Measuring what matters

TidyText’s growth has been organic search and word-of-mouth — no paid acquisition, no launch campaign.

Traffic growth:

  • ~11x traffic growth over 8 months, peaking at 4,901 active users and 13,364 sessions in a single month

Engagement (Jan 2025 – May 2026, per Google Analytics):

  • 96.25% engagement rate. Most sites consider 60–70% good. For a utility, this means people land on the tool and use it, not bounce.
  • 3.1 sessions per user on average. People come back.
  • 8 minutes 11 seconds average session duration across all users. Returning users average 9 minutes 52 seconds — 61% longer than new users, which suggests TidyText becomes more useful as it slots into someone’s workflow.
  • Organic referral traffic from classwork.com and forum.figma.com — students and designers sharing it inside their own communities, which is the strongest qualitative signal that the tool actually solves the problem.

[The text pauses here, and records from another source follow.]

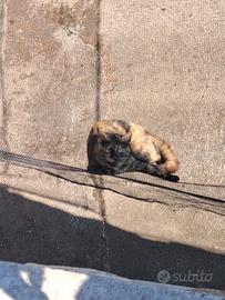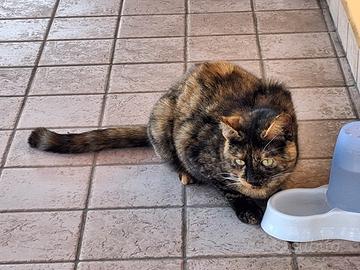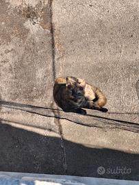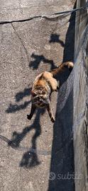 Gatta femmina domestica nera e marrone chiaro, occhi verdi, non sterilizzata. Etá circa un anno.
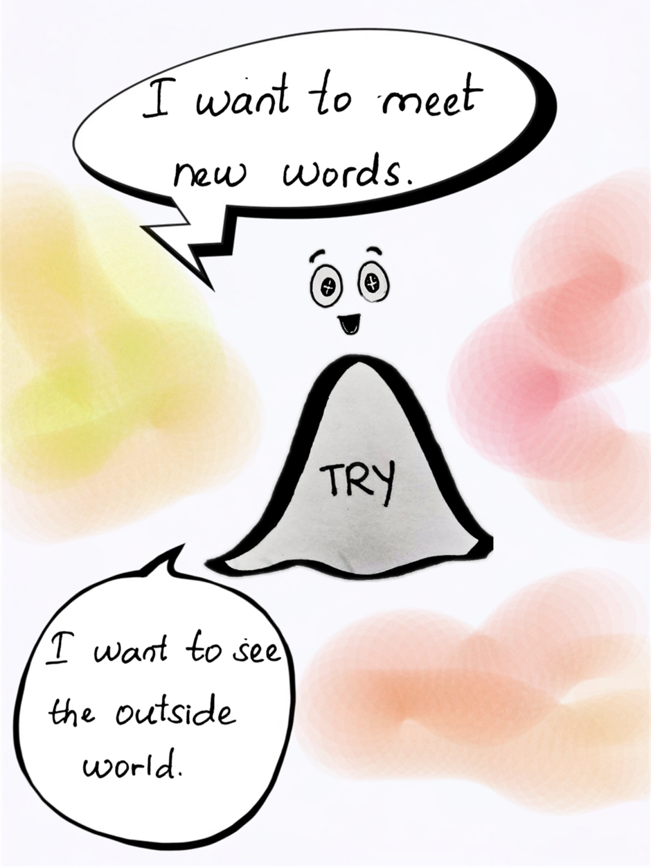 It was when TRY decided to meet new words and go 'Out of their book', TRY met many realized words like UNIVERSITY, PAINTING, BOOK, and many others. So TRY wanted to see the world outside.
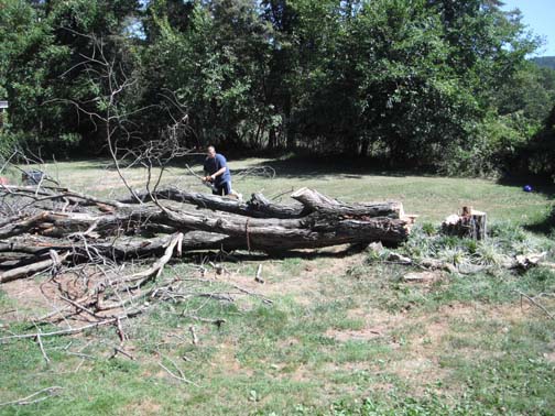 Finally got back to it this weekend. We had two large dead trees which had to come down. One was a maple and the other was a Virginia pine. I notched them very carefully and then used the M59 to direct them away from the house. The maple was within 20 feet of the kitchen and the pine was actually growing up against a small deck off the kitchens porch.
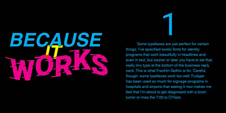 According to Michael Bierut, there are 13 reasons to pick a typeface. This book has all 13 reasons with a font to match the explanation. Bierut goes into extensive detail about each reason. The colors are true CMYK to mimic an overprint design.
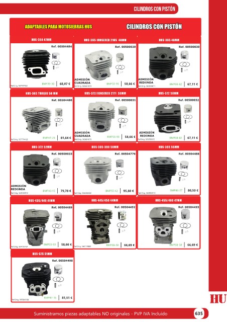 Suministramos piezas adaptables NO originales - PVP IVA Incluído 635
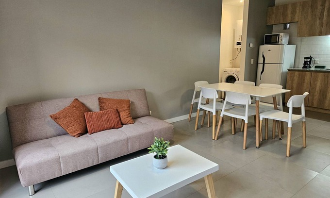 Casa Los Pinos is located just 10 minutes from the center by car, with a capacity for 5 people. The property has 2 bedrooms, one of them with a bunk bed and a pull-out bed, a full bathroom, and a toilet. The living-dining room with kitchen includes a sofa, a coffee table, and a table with 6 chairs.
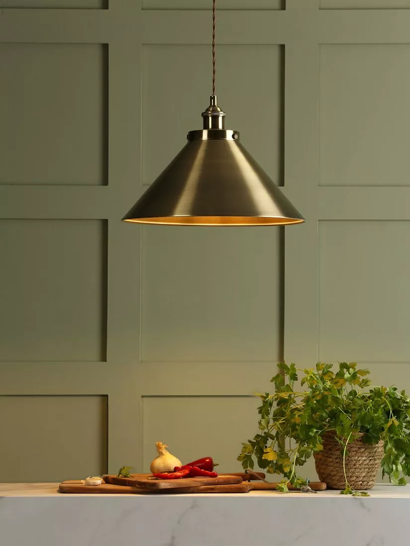 Laura Ashley’s Rufus Grande ceiling light has a superior antique brass finish that will look superb in your kitchen or dining room, suspended over a table, or indeed above a desk in your home office area. The Rufus is a large, quality pendant with an oversized cone shade made of spun metal with a neat rolled edge. The solid shade directs light downwards onto the surface below, not only creating great illumination but enhancing the atmosphere when surrounding lights are turned down. Paired with a twisted, light brown braided fabric cord for a vintage character look. You can adjust the height to suit when it is installed therefore this ceiling light is also suitable for higher ceilings. Bulb not included.

The referral pattern and returning-user duration are the metrics I pay most attention to: people are sending it to people they work with, and the people who come back stay longer.

Solution

A small, fast utility that converts LLM-formatted text into clean HTML that pastes cleanly into Google Docs and Microsoft Word, with a one-click copy and a preview that matches the result.

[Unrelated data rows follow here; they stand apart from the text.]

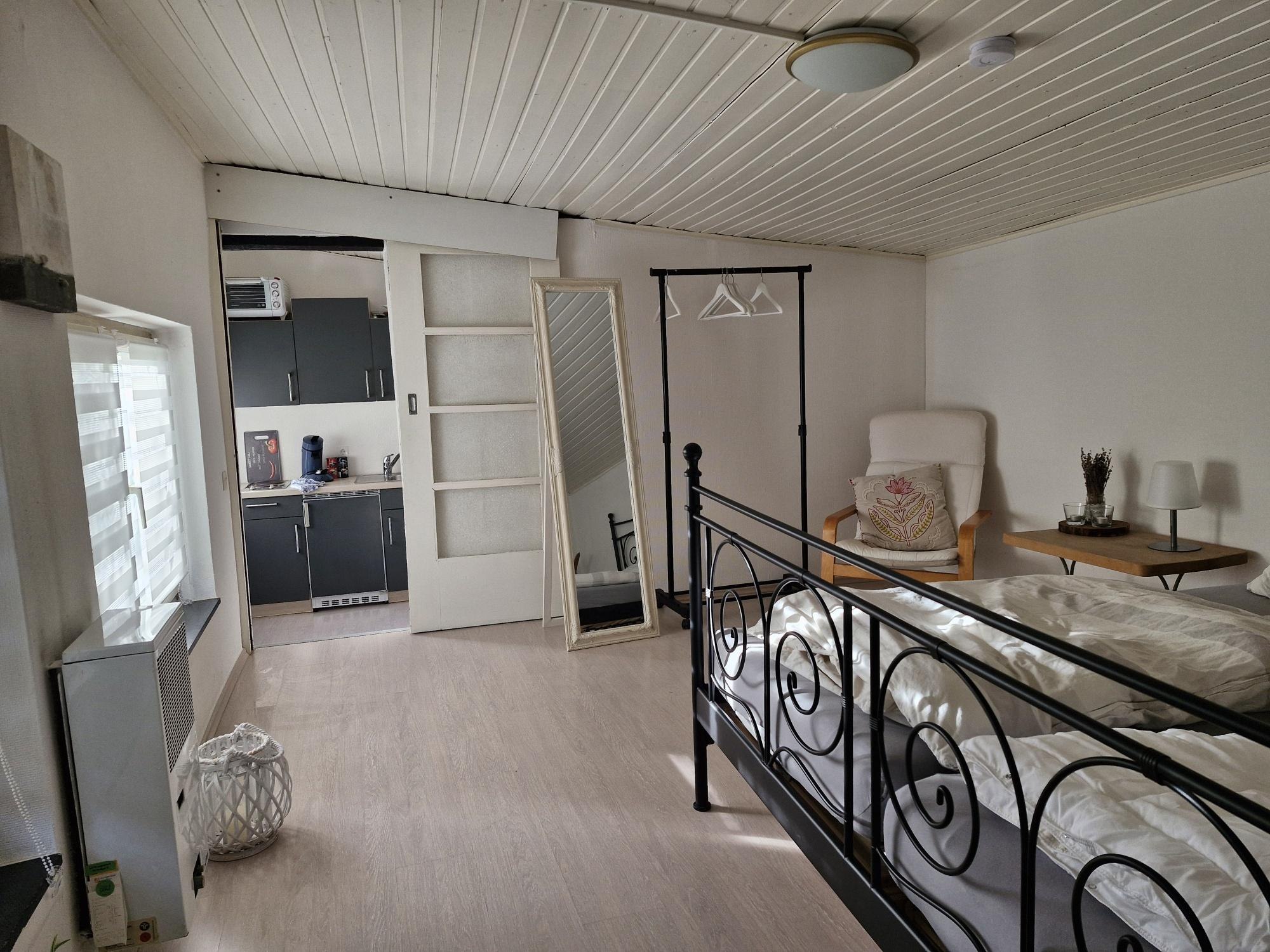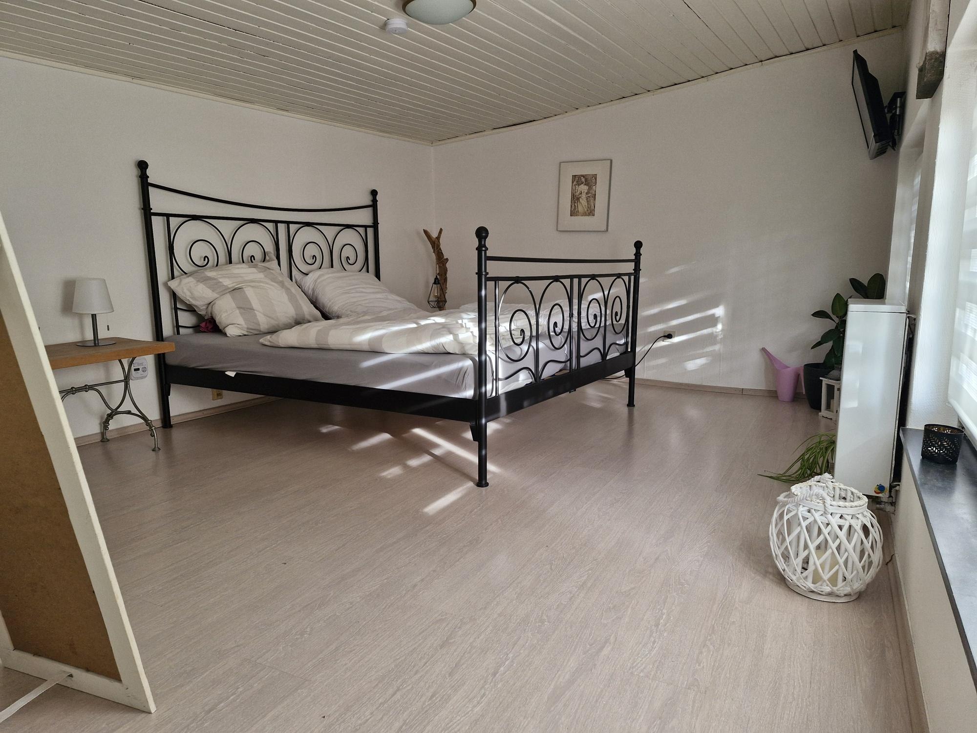 Das Schlafzimmer besitzt ein großes Doppelbett 180x200cm mit getrennten Matratzen. Auf Wunsch kann gerne eine Kinderreisebett zur Verfügung gestellt werden. Frische Bettwäsche ist enthalten.
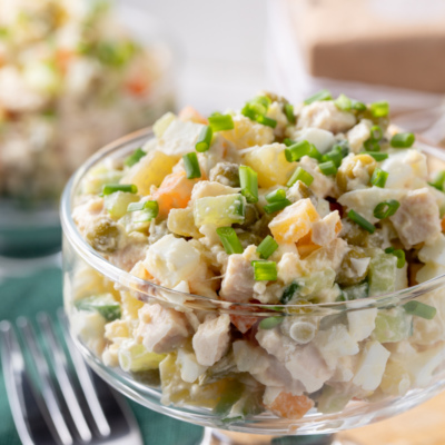 Оливье по этому рецепту действительно можно есть «тазиками». Оно содержит гораздо меньше калорий, чем приготовленное по классическому рецепту.
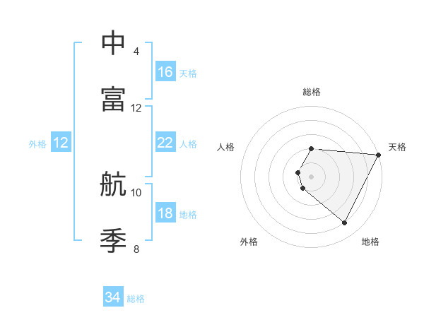 中富 航季さんの天格は16画の5点!
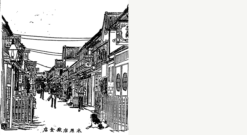身分制度が解かれ、新しい時代を迎えた首都、東京の一隅。老舗に高級店、気安い居酒屋と雑多な店が等しく並び、食を楽しむことを覚えた人々は、新聞や雑誌の情報を片手に、それぞれ目当ての店を目指す。新しいメディアの追い風を受けて栄えた木原店は、いまでこそ珍しくはないが、当時は時代の自由な空気が生んだ夢の路地だったのである。
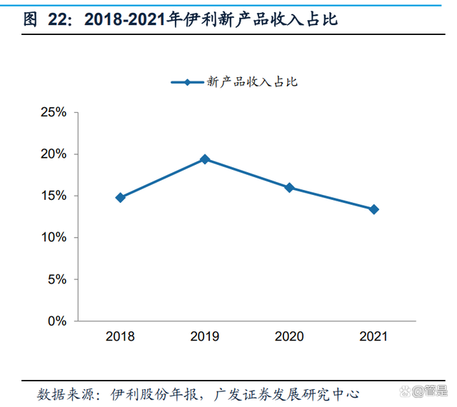 为吸引更多消费者、抢占更高市占率,消费行业的头部企业通常具备持续性地丰富与拓展产品品类的能力。以伊利为例,通过持续产品创新与技术突破,伊利持续拓宽产品矩阵,现已形成液体乳、乳饮料、奶粉、酸奶、冷冻饮品、奶酪、乳脂、包装饮用水等八大产品系列,几乎覆盖了乳制品行业中所有的方向。根据伊利股份年报, 2018-2021年,伊利新产品收入占比分别为14.8%、19.40%、16.00%及13.4%,稳定在15%左右,强大的产品开发能力为伊利的业务发展倾注了蓬勃活力。

The production web app runs on Cloudflare Pages: React + Vite, Web Workers for processing, MathJax + Canvas for fraction rendering, DOMPurify for sanitization, TailwindCSS for theming, all TypeScript.

What the architecture buys:

  1. A responsive UI even on long pastes, because parsing and sanitization stay off the main thread.
  2. Correct rendering of edge cases LLMs actually produce — including LaTeX fractions that survive the clipboard into both Google Docs and Word.